Y yo, que sé cuándo es momento de negociar y cuándo no se debe tensar más una cuerda, tras dedicar una mirada de soslayo a aquel bastardo me volví otra vez al buen Ahinadab y contesté, sonriendo:

―Bien, ¡sea! En tal caso os digo esto, y a regañadientes: que me place, y que me doy por satisfecho. ¡Haya trato entonces! ―reí, y palmoteé el hombro del adusto Hailama devolviéndole el gesto―. Traed mañana a Asterión a mi barco, que yo me marcho ya a disponerlo todo.

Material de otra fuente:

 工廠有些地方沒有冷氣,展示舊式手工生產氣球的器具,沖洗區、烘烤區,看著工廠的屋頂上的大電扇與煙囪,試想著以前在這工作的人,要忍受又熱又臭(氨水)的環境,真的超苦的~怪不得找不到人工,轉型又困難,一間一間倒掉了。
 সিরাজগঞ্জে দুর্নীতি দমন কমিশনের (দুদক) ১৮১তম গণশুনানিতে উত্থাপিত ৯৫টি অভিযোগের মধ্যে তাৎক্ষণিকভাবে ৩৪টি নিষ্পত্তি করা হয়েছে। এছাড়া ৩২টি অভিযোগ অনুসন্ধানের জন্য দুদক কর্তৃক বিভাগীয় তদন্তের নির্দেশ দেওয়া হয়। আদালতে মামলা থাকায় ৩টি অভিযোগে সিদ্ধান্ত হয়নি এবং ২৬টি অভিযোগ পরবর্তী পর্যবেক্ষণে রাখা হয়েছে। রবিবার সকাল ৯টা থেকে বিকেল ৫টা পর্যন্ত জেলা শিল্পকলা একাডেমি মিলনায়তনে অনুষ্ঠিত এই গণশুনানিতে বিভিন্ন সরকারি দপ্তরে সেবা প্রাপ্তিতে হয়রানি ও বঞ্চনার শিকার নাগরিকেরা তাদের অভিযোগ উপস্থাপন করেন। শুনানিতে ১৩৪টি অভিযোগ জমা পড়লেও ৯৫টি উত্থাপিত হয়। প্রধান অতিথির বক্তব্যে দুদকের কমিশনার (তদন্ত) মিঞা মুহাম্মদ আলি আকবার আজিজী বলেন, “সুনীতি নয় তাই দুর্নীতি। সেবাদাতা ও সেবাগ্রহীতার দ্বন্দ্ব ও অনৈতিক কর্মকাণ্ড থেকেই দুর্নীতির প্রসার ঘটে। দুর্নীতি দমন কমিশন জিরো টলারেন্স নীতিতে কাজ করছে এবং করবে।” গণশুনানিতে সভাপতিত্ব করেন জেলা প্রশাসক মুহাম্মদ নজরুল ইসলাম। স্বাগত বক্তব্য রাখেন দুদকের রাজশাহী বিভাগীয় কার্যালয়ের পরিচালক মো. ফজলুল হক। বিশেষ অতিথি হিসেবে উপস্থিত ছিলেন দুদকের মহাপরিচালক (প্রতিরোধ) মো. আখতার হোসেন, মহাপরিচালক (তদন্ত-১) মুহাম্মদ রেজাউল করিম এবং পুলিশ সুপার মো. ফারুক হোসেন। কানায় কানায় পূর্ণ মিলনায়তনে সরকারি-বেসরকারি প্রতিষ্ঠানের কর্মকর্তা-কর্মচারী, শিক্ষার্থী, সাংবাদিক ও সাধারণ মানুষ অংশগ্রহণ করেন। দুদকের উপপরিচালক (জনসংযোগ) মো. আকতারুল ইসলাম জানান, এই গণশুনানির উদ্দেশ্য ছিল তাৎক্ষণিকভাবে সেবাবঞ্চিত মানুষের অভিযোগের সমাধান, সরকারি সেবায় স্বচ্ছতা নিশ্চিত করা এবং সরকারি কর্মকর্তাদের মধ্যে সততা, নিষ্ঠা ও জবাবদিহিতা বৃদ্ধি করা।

No objetaron, y al cabo de una hora era dejado de nuevo en el puerto, a las faldas del Gran Dux.

Quedé de pie en el muelle, solo en mitad de la noche bajo la luz de la luna. Rais se asomó a la baranda y me hizo un gesto, preguntando qué había. Yo sonreí, con todo, y lo digo, pero en el fondo una enorme aprensión desazonaba mis tripas.

Pues hasta aquel entonces tan solo un hombre, si tal pudiese nombrársele, me había causado una impresión más detestable que la mera presencia del Gran Tribuno Baal-Eser, y ese no era otro sino Camazotz, la infame Bestia de Gothia.

Pero al cabo, o eso pensaba en aquel entonces, tal vez fuera porque no había llegado a ver al cruel tirano de Gadiria en persona, dentro de sus «cámaras estancadas».